Achievements and titles
- Personal bests: 800m: 2:02.69 (2025) 1500m: 4:05.58 (2025) NR Mile: 4:32.05 (2023) NR 3000m: 8:48.84 (2025) NR 5000m: 15:29.06 (2025) NR Indoor 800m: 2:03.04 (2024) 1500m: 4:08.73 (2023) NR Mile: 4:32.05 (2023) NR 3000m: 9:04.66 (2026) NR 5000m: 16:03.51 (2026) NR Road Mile: 4:34.00 (2023) 5k: 16:10 (2026) 10k: 34:23 (2025)

= Vera Bertemes-Hoffmann =

Luxembourgish middle-distance runner

Vera Bertemes- Hoffmann (born 2 November 1996) is a track and field athlete from Luxembourg who competes as a middle-distance runner. She is a multiple-time national record holder and national champion.

==Biography==
A dual-citizen of Germany and Luxembourg, she ran for ASV Cologne. She made her international debut at the 2019 European Athletics Indoor Championships in Glasgow.

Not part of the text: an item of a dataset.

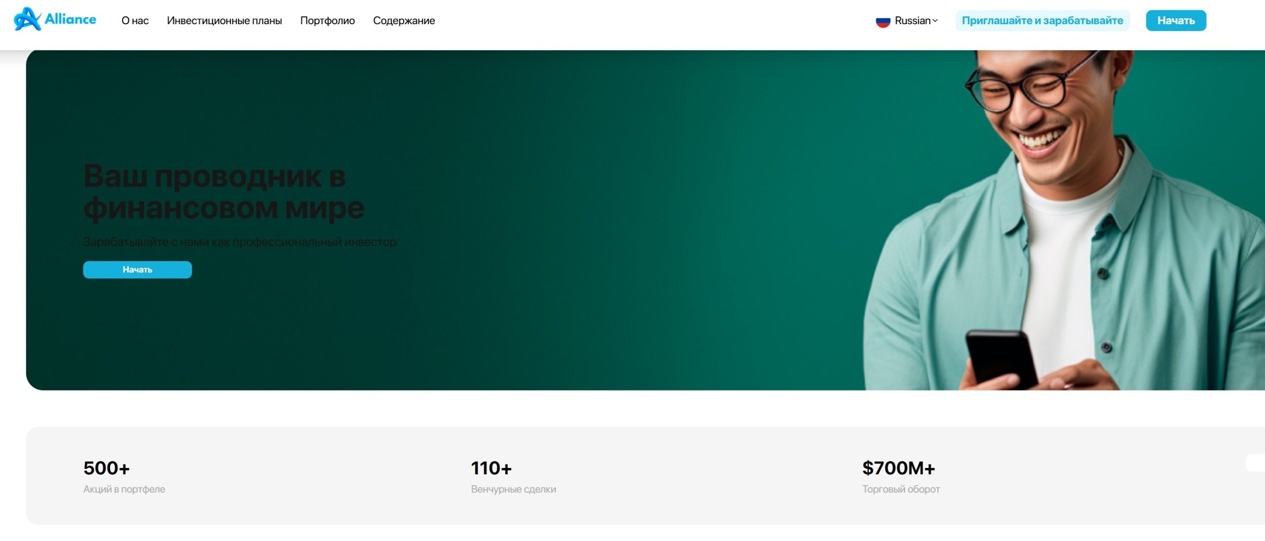 Если вы хоть раз задумывались об инвестициях на финансовом рынке, то, скорее всего, сталкивались с разного рода «перспективными» платформами, которые обещают чуть ли не мгновенное обогащение. Вроде бы заманчиво, но чем дальше смотришь — тем больше вопросов. Вот и Alliance — как раз из этой категории. Сначала все выглядит вполне пристойно: платформа с красивыми словами, обещаниями уникальных инструментов, возможности зарабатывать вместе с профессионалами. Но, как только начинаешь разбираться, вся эта мишура начинает рассыпаться буквально на глазах.

In August 2019, she finished second at the 2019 European Athletics Team Championships second division 1500 metres event in Croatia.

In February 2023, Hoffmann won three events at the Luxembourg national championships, winning titles over 800, 1500 and 3000 m. In March 2023, Hoffmann finished eighth in the 2023 European Athletics Indoor Championships – Women's 1500 metres in Istanbul. In doing so, she became the first athlete from Luxembourg to advance to a European indoor final in any event.

In June 2023, she finished second at the 2023 European Athletics Team Championships second division 1500 metres event in Silesia. Hoffmann won a silver medal at the 2023 Summer World University Games in the 1500 metres in August 2023. Hoffmann competed at the 2023 World Athletics Championships in Budapest in the 1500 metres and recorded a time of 4:09.7676, coming within three seconds of surpassing her own national record.

She was selected for the 2024 World Athletics Indoor Championships in Glasgow for the women's 1500 metres where she ran a season's best time of 4:15.52. She competed in the 1500 metres at the 2024 Summer Olympics in Paris.

In July 2025, Bertemes-Hoffmann set a new 3000 metres national record for Luxembourg of 8:48.84 in Marseille. In September 2025, she competed over 1500 metres at the 2025 World Championships in Tokyo, Japan, without advancing to the semi-finals.

On 24 January, she set a new indoor national record over 5000 metres in Lyon, running 16:03.51. In March, she competed in the 1500 m at the 2026 World Athletics Indoor Championships in Toruń, Poland. In August, she competed at the 2026 European Athletics Championships in Birmingham, England, in the 1500 metres.